"Expressões Orgânicas"

MODA COM ATRIBUTOS SUSTENTÁVEIS

Dos termos mais utilizados, no segmento da moda com atributos sustentáveis, existe um em especial que tem gerado os maiores equívocos, controvérsias e desinformação entre blogueiros”, jornalistas, repórteres, profissionais,estilistas, designers e principalmente entre os consumidores, trata-se do adjetivo “orgânico (a)”É relativamente comum ler ou ouvir as seguintes classificações:
Coleção Orgânica; Tingimento Orgânico; Cor Orgânica; Moda Orgânica; Paleta Orgânica; entre outras “Expressões Orgânicas”... 
Como termo genérico, a palavra “orgânico (a)” está relacionada a processos ligados à vida, ou materiais originados de processos vitais, ou mesmo substâncias sintetizadas pelo homem junto à química do carbono.              Também pode estar associados a organismos, órgãos de um ser vivo, ou organizações complexas fora do campo da biologia, onde associações de pessoas, normas, regras, “organogramas”, leis ou até elementos arquiteturais atuam e interagem entre si como os componentes de um “organismo social”, e os processos ligados a esses casos também são ocasionalmente chamados de “orgânicos”. 



A Arquitetura Orgânica, por exemplo, ou arquitetura organicista, é considerada hoje uma escola da arquitetura moderna, impulsionada pelo ideal naturalista do arquiteto americano Frank Lloyd Wright.
Com origem nos Estados Unidos, se desenvolveu ao redor do mundo, sendo um dos arquitetos - de origem européia - considerado organicista, está Hugo Alvar Henrik Aalto (arquiteto finlandês). 
No Brasil, Roberto Burle Max é considerado um dos arquiteto-paisagistas que melhor representa esta linguagem “orgânica” e evolutiva da arquitetura moderna. 
O conceito “organicista” acredita que uma casa ao nascer, deve atender às necessidades das pessoas, como um organismo vivo. 
Em suas convicções Frank L. Wright, acreditava que os edifícios influenciam profundamente as pessoas que neles residem, trabalham ou fazem suas orações, e por esse motivo o arquiteto é considerado “um modelador de homens”. 

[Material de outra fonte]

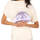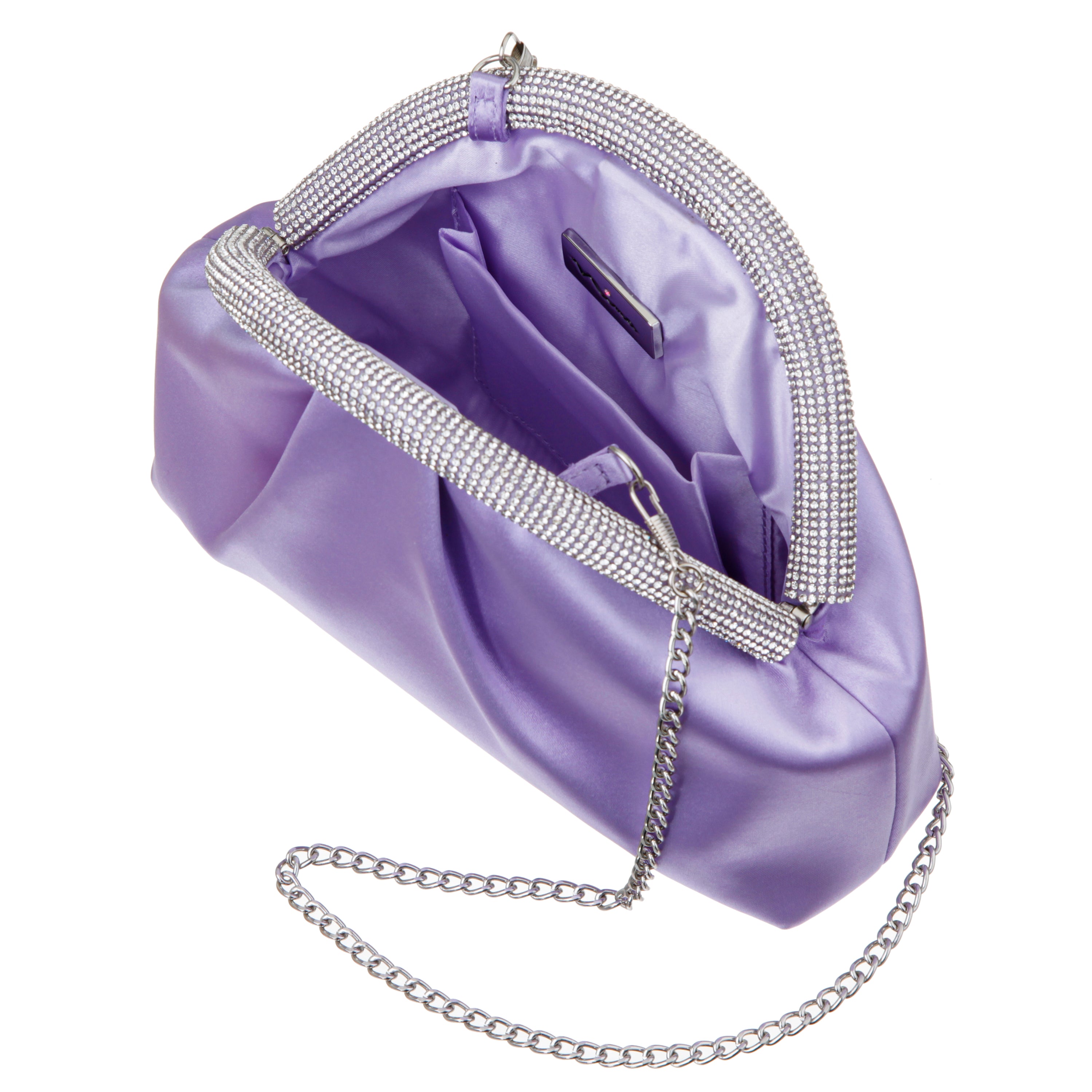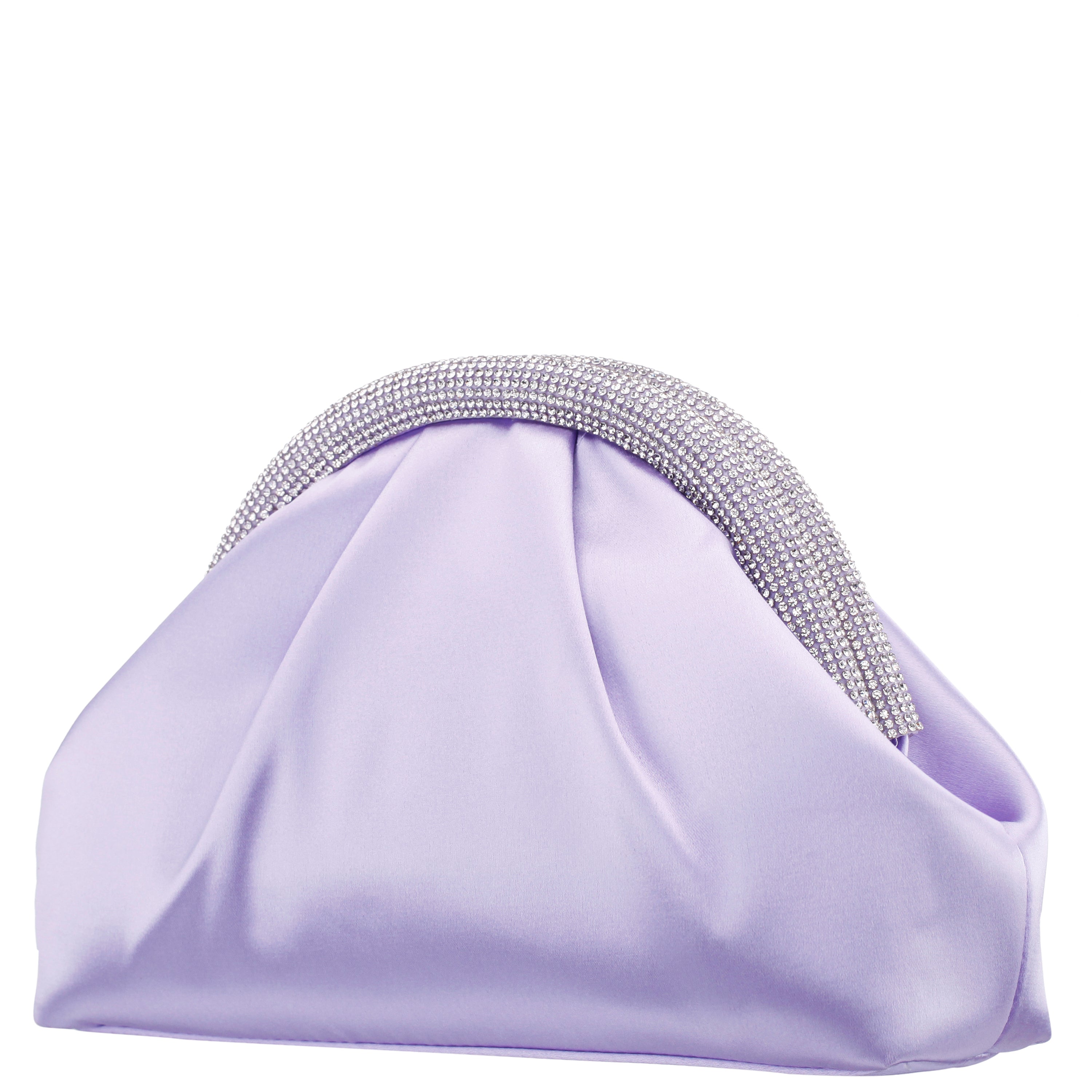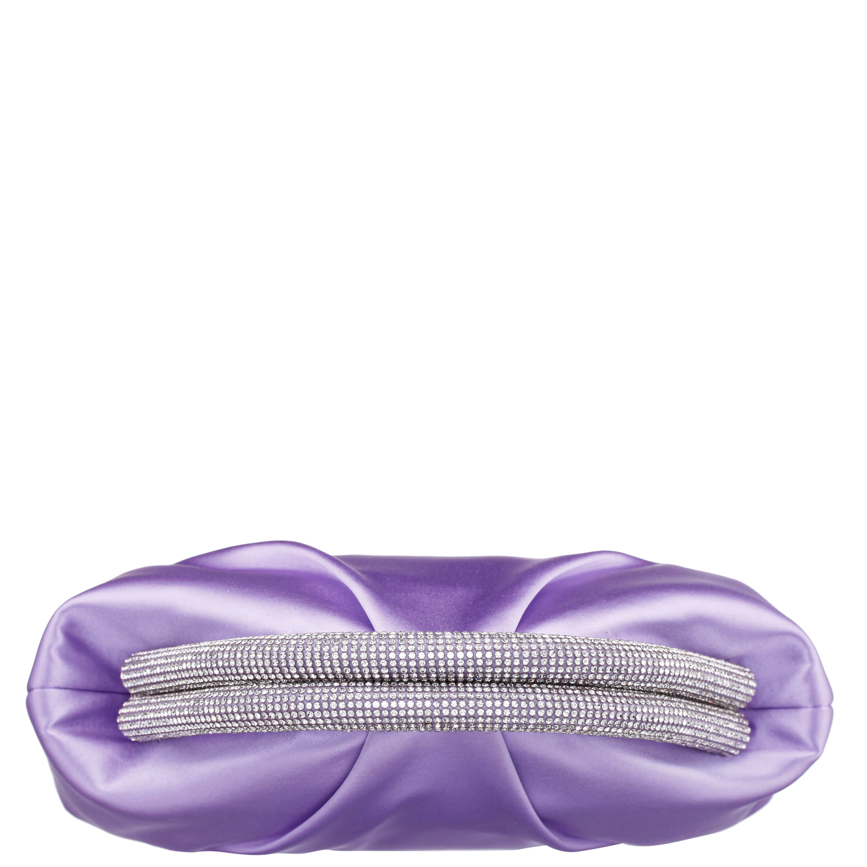 ROYAL LILAC SATIN/GLASS CRYSTAL FRAME CLUTCH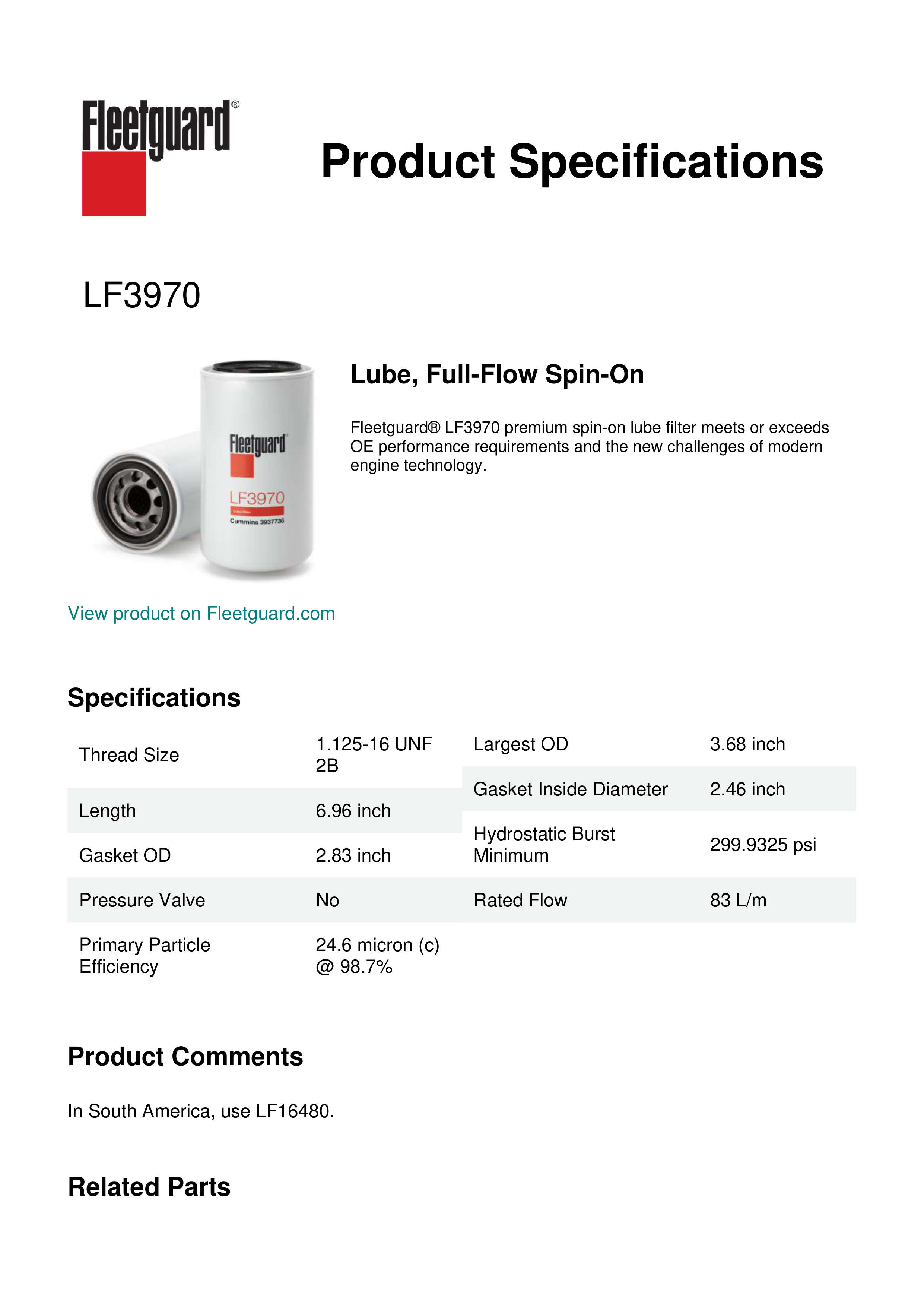Fleetguard® LF3970 premium spin-on lube filter meets or exceeds OE performance requirements and the new challenges of modern engine technology.Specification

De uma forma geral, a “arquitetura orgânica” é considerada como um contraponto (e em certo sentido, uma reação) à arquitetura racionalista influenciada pelo “International Style” de origem européia. 
Já o uso da palavra na “Química Orgânica” - divisão proposta pelo químico sueco Torbern Olof Bergman, em 1777, definida na época como - o ramo da química que estuda os compostos extraídos dos organismos vivos.
E em 1807, o químico naturalista sueco Jöns Jacob Berzelius, postulou a “Teoria da Força Vital”- que se baseava na idéia de que os compostos orgânicos precisavam de uma força maior (a vida) para serem produzidos (biossíntese). Mais foi Friedrich Wöhler em 1828, discípulo de Berzelius, quem sintetizou o primeiro composto químico orgânico - a Uréia. 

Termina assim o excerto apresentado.